**WORK REQUIRED:** From the line containing "Imagina por un" to the line containing "H@18夏季新款拼接字母吊带露肩时尚潮流百搭女装T恤" in the records below, set down every line exactly as it stands, both ends included, and skip the pictures.

**AVAILABLE RECORDS:**
# # # #

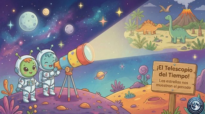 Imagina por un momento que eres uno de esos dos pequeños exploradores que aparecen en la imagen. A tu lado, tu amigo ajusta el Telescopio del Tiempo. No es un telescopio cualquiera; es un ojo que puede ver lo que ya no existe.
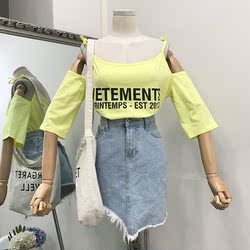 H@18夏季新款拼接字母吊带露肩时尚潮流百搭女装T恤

# # # #

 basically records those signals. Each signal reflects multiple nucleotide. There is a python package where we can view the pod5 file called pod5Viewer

# # # #

**TASK ANSWER:**
 Imagina por un momento que eres uno de esos dos pequeños exploradores que aparecen en la imagen. A tu lado, tu amigo ajusta el Telescopio del Tiempo. No es un telescopio cualquiera; es un ojo que puede ver lo que ya no existe.
 H@18夏季新款拼接字母吊带露肩时尚潮流百搭女装T恤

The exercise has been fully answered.